John Railey was part of a team of reporters at the Winston-Salem Journal who in 2002 revealed the inner workings of the state’s eugenics program.
From 1929, when the legislature established the program, to 1974, when it was ended, North Carolina sterilized more than 7,600 men, women and children.
Though it’s been more than a decade since the Journal published its findings, Railey has never let go of the story. He became the Journal’s editorial-page editor in 2010 and advocated for compensation for the victims. Now he has written a book that traces the victims’ fight for reparations, “Rage to Redemption in the Sterilization Age” (Cascade Books).
For years the sterilization program was considered a forward-thinking approach to prevent those who were institutionalized or on welfare from having children.
Railey, 54, grew up in Virginia, graduated from UNC-Chapel Hill and has worked at the Journal since 1997. He said he wrote the book to remember the victims, including his friend Nial Cox Ramirez, who was sterilized in 1965 when she was 18 years old and living in rural Washington County. She was unmarried, had just given birth to a child and was found by the N.C. Eugenics Board to be “feeble-minded.”

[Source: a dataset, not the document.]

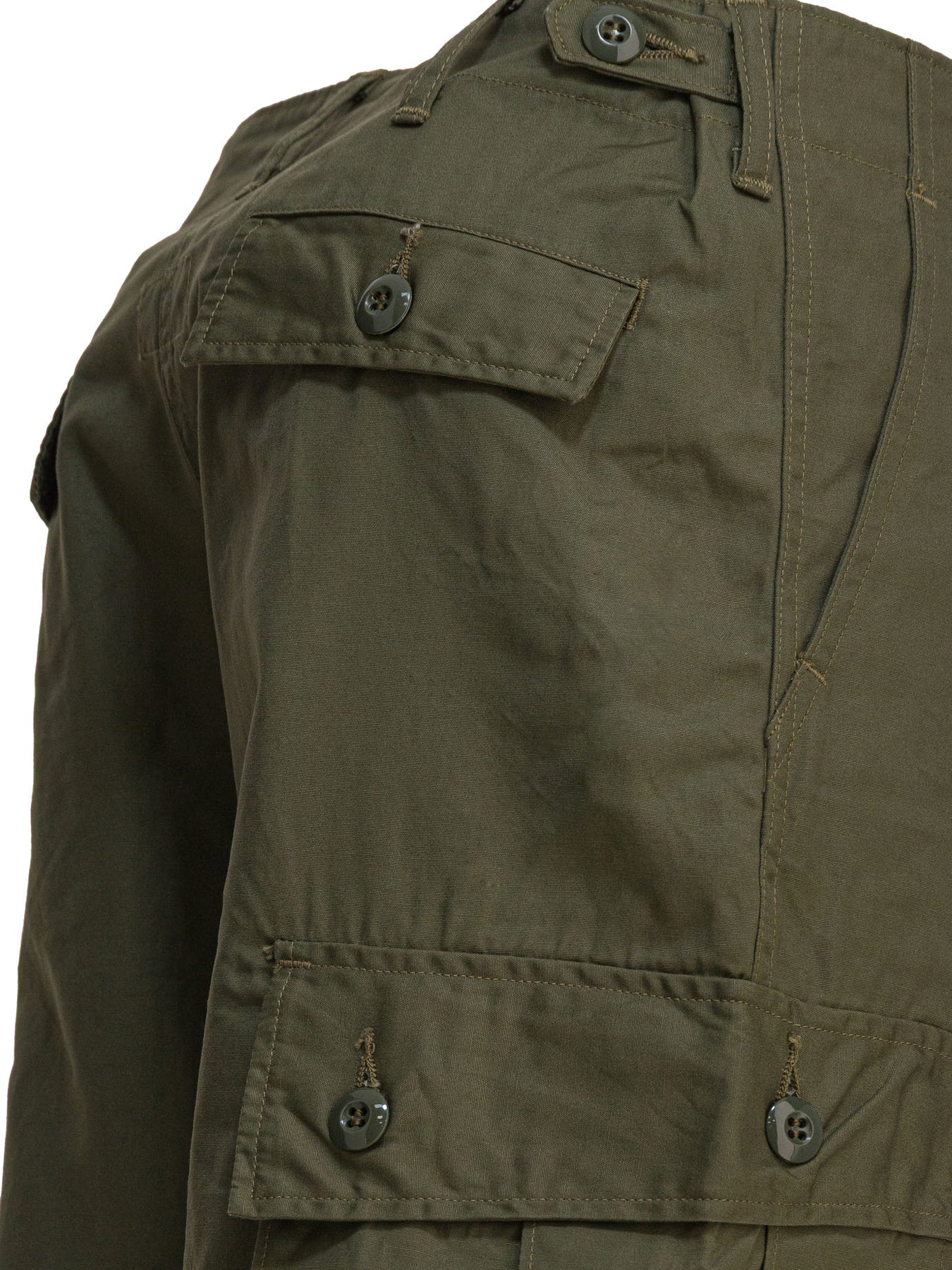 Buzz Rickson's cotton poplin cargo pants, constructed of tightly woven ripstop fabric. The construction features a wide silhouette, highlighted by side patch pockets and reinforced seams. Hidden buttons along the flap and no interior straps in cargo pockets. Adjustable waist via buttons with metal elements. Leg bottoms equipped with drawstrings for precise adjustment. Seams appear flat and regular. || - Solid color - Mid-rise - 100% cotton ripstop fabric - Hidden buttons on the flap - Absence of fastening straps in cargo pockets - Waist adjustment via buttons with metal elements - Adjustable drawstring at the ankle - Relaxed fit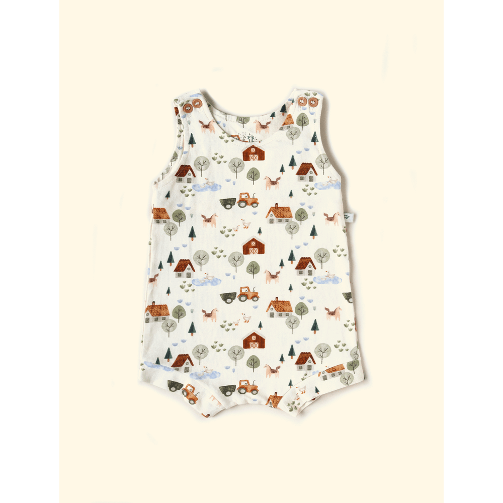Trazendo a fazendinha mais fofa da floresta, essa estampa da The Mini Forest traz as casinhas da fazendo e vários tratores fazendo o serviço pelos bosques.

Ramirez made headlines in the 1970s when she was a plaintiff in the national ACLU’s first lawsuit against a state sterilization program. She didn’t win but she didn’t give up, becoming a key player decades later in a similar fight in the North Carolina legislature.
Railey writes about his own struggles with the issue. His father, a lawyer, was friends with Terry Sanford, governor of North Carolina from 1961 to ’65, the period when Ramirez was sterilized.
After Nazi experiments on humans were discovered in the 1940s, many states backed away from their eugenics programs. But not North Carolina, which had one of the nation’s most aggressive programs. In the early 1960s, the N.C. Eugenics Board shifted its focus from the general population to black girls and women who were receiving welfare.
Railey admired Gov. Sanford, who courageously advocated for civil rights for African-Americans. He wanted to determine if Sanford had known about the work of the Eugenics Board. “I didn’t want to find out that Terry knew anything about it,” Railey told me recently.
Railey never found that Sanford wrote or spoke about the eugenics program. But he did find a two-year report from the N.C. Eugenics Board to Gov. Sanford. Railey concludes that Sanford knew about the program.
“Terry’s record (as governor) will live for the ages,” Railey said. “But for whatever reason, he didn’t see this. Even great leaders can’t see things.”
Master at PR
The Eugenics Board ran an effective public relations campaign that went unquestioned by the state’s newspapers, including The News & Observer. “We cannot make a better world if we deliberately give our substance to subsidizing the production of the least worthy stock among men,” The N&O wrote in a 1935 editorial, which the Eugenics Board republished.
From time to time, newspapers wrote favorable stories and editorials about the program. “The Eugenics Board was a master at PR,” Railey said. “The general public vaguely knew about it but not the inner workings.” In reviewing the history of the program, no one looks good, Railey said.
North Carolina in 2013 became the first state to compensate eugenics victims. Those who were sterilized by order of the Eugenics Board could get up to $50,000 each. That effort was led by then-House Speaker Thom Tillis, now in the U.S. Senate. “We disagreed on most things,” Railey said, “but his commitment to that was real.”